Prague: getting the "Kafka" into "Kafka-esque"
Prague did not start so well. My hostel, on first encounter, had an institutional grimness defying the more immediate forms of description. At check in there was a computer and bank-card payment facilities, but everything important was done on loose paper and in large, dog eared ledgers with grid paper.
The buildings are clean to a lawyer's scruple, lino-floored and were repainted cream and brown in recent decade. I would like to say the effect is "post-Soviet", but the prefix would be misleading.
My room, booked as a single, is a twin. One bed mattress is three large lounge cushions pushed together, the other (I discovered on my second night) is foam, but all of one piece.

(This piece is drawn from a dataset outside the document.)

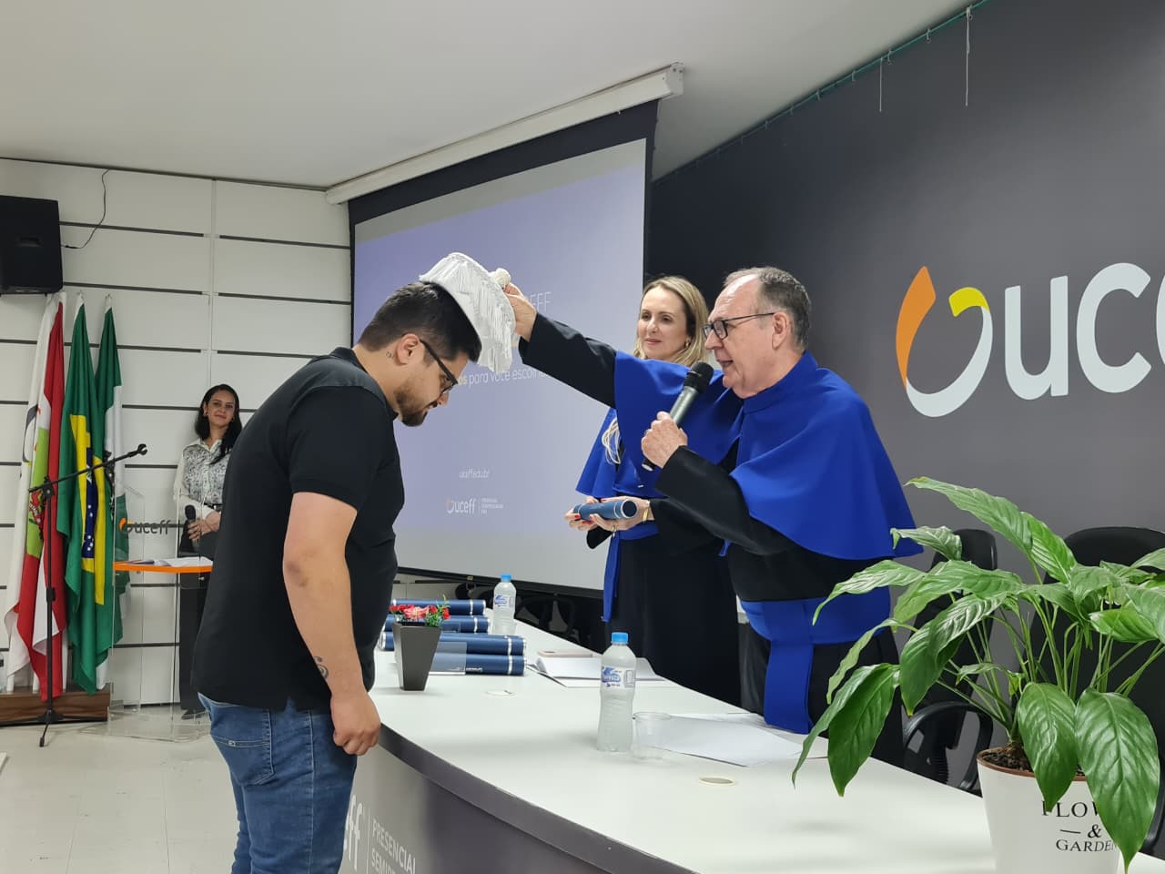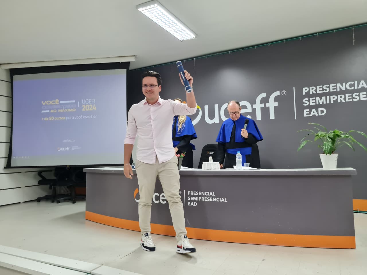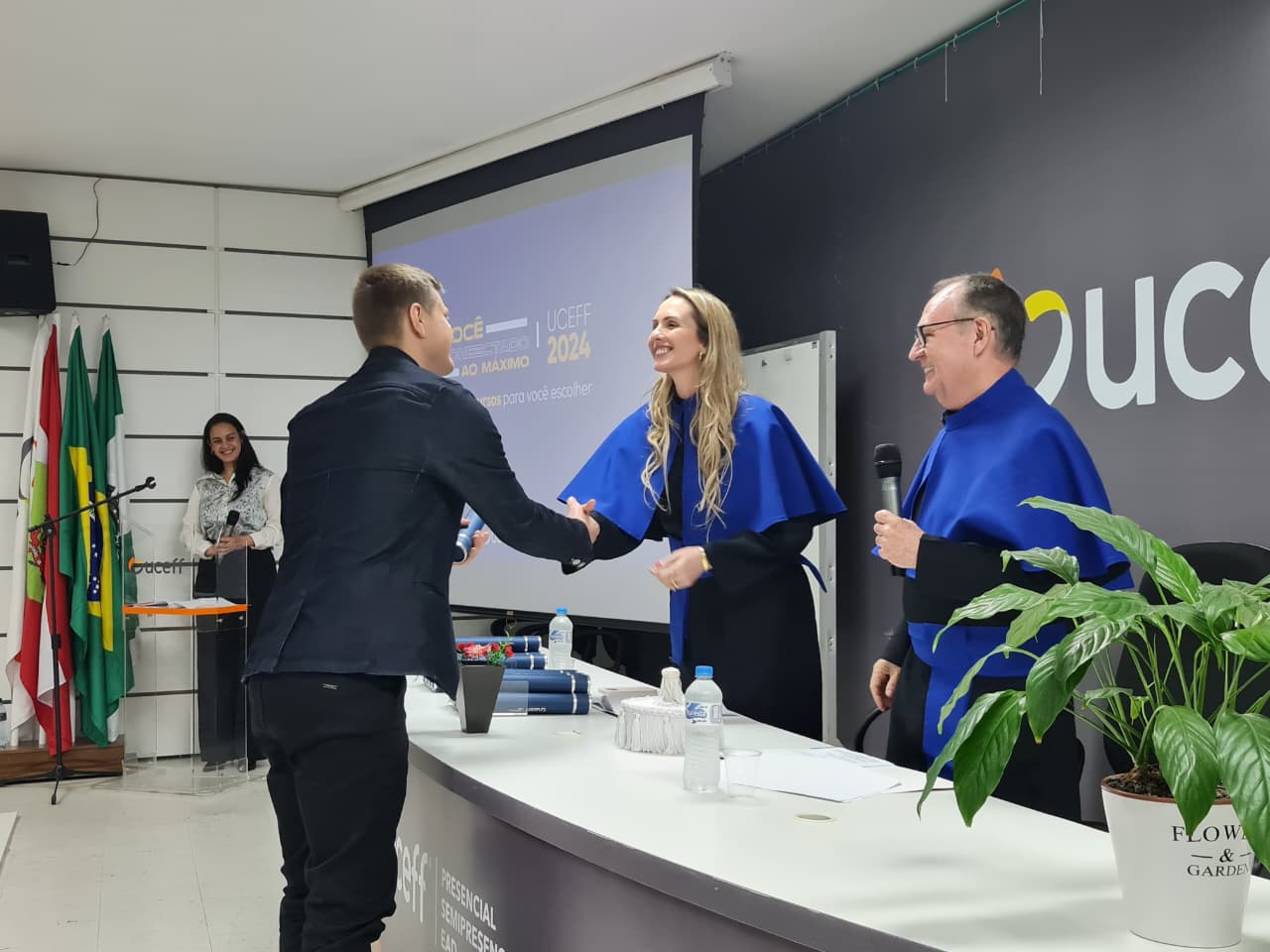 “Esse é um momento solene, é a conclusão de uma jornada importante, e nós da UCEFF desejamos que vocês continuem nessa caminhada, pois o mundo de hoje exige atualização permanente e constante. Os desafios são imensos, mas, sem dúvidas, o momento de hoje deve ser enaltecido. Em nome do reitor da UCEFF, Leadro Sorgatto, desejamos os parabéns e muito sucesso em suas caminhadas. Sejam felizes enquanto pessoas e respeitem sempre alguns valore imprescindíveis: o conhecimento, a dedicação e a ética.”, disse o professor Gilberto Antônio Niederle em seu discurso de encerramento.

The bedding consists of a translucent polyester bottom sheet that almost covers the "mattress", pillows offering no actual resistence to a head placed on them, and a duvet in several shades of pastel hideousness.

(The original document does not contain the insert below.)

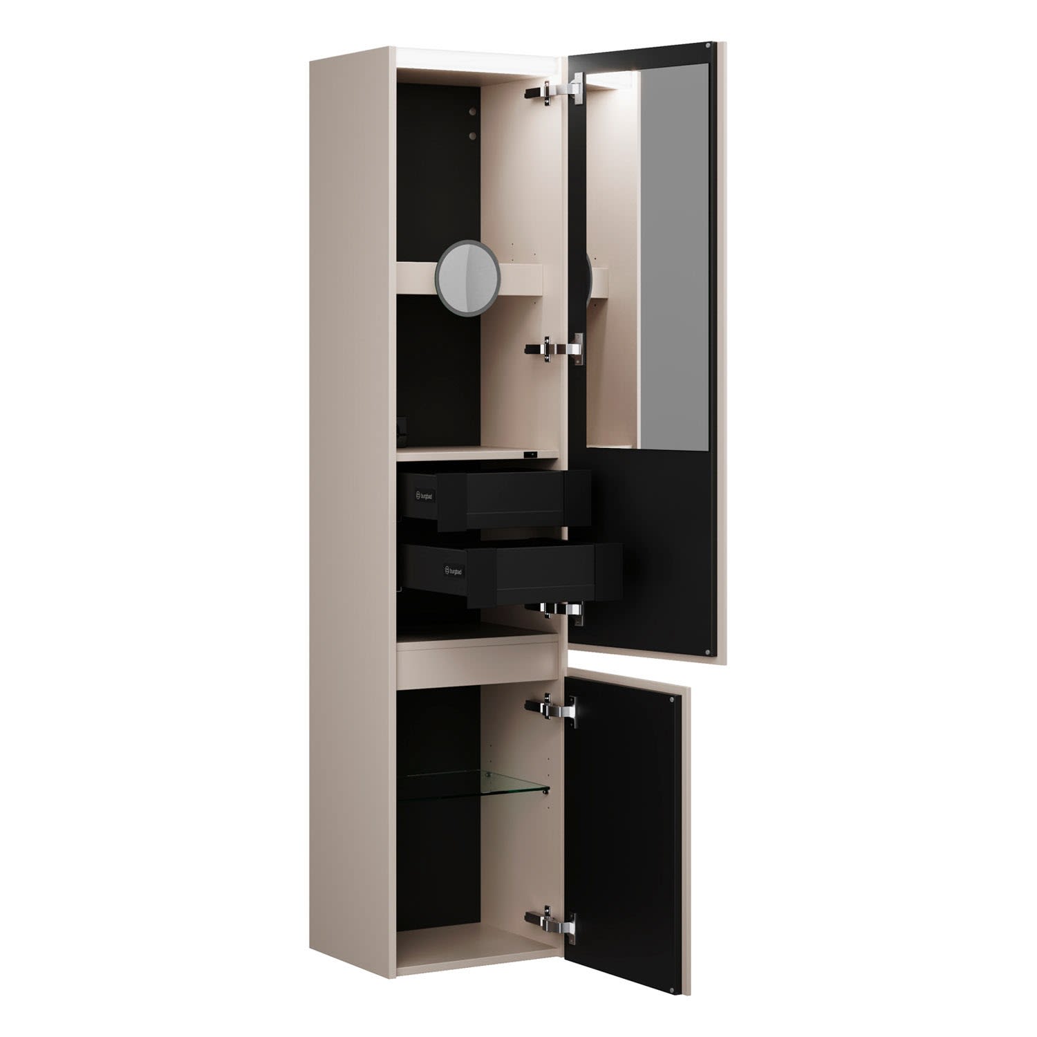 - 1 Tür oben, Frontrückseite verspiegelt
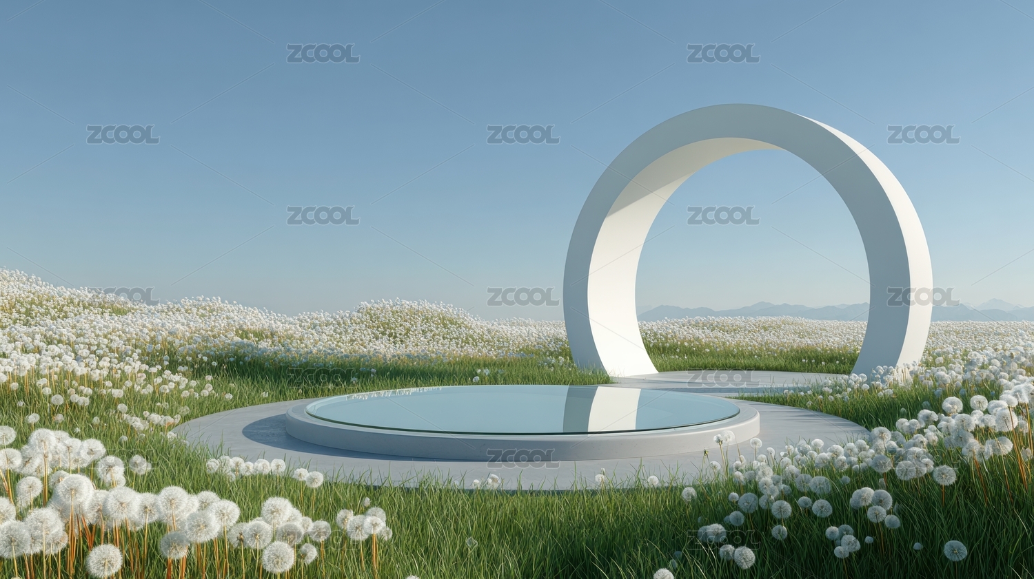 梦幻蒲公英花海中的现代艺术拱门

The towel provided is of the type I normally prefix with the word "tea". Very glad to have travelled with my own full-grown towel in the backpack. The toilet on my landing has a window opening onto a space within the walls facing another window for what might once have been another WC, but which is now full of snaking wires. (Very "The Matrix"). On inspection, the space between the walls is a five floor drop into darkness at one end, and open to the sky at the other.
That said, it is cheap and relatively central. (Even if I was informed with bland, bored pragmatism on my first morning that "breakfast included" only referred to groups.)
Prague itself is beautiful, and the food and beer is amazingly cheap. It's proved very easy to meet English-speaking travellers, especially through the plentiful walking tours. That said, six days on the ground may have been excessive. After three days of heavy walking, the sudden return to seasonably warm weather today has made me very sleepy. Sent most of the day napping or reading the international edition of the Guardian in the gorgeous parks surrounding the 1:5 scale replica of the Eiffel tower that overlooks the city.
Can't decide between going home and changing for a jazz club this evening, or just wandering back to the film festival at Sharpshooter Island and watching Chaplin's "The Great Dictator" over a beer. Should go and check out the rather ghoulish-sounding ossuary (chapel made of human bones) in a nearby town tomorrow, but the busses on a Sunday will be difficult and infrequent (it's closed Monday and I'm gone before it opens Tuesday).
Can also see why some are already claiming tourism has ruined Prague: depressingly large strips of poor-quality souvenir shops everywhere.
Still, love the Jewish Quarter and Paris Street. There is an amusing metronome on top of one hill where a 30 metre statue of Stalin once stood. Michael Jackson then put a 30 metre statue of himself up there before one of his concerts, and booked out the hotel facing the hill from across the river. Hysterical. Now the metronome symbolises the ebb and flow of history here at the crossroads of Europe. Apparently, during the EU referendum, it's long red pointer swung between signs reading "yes" and "no".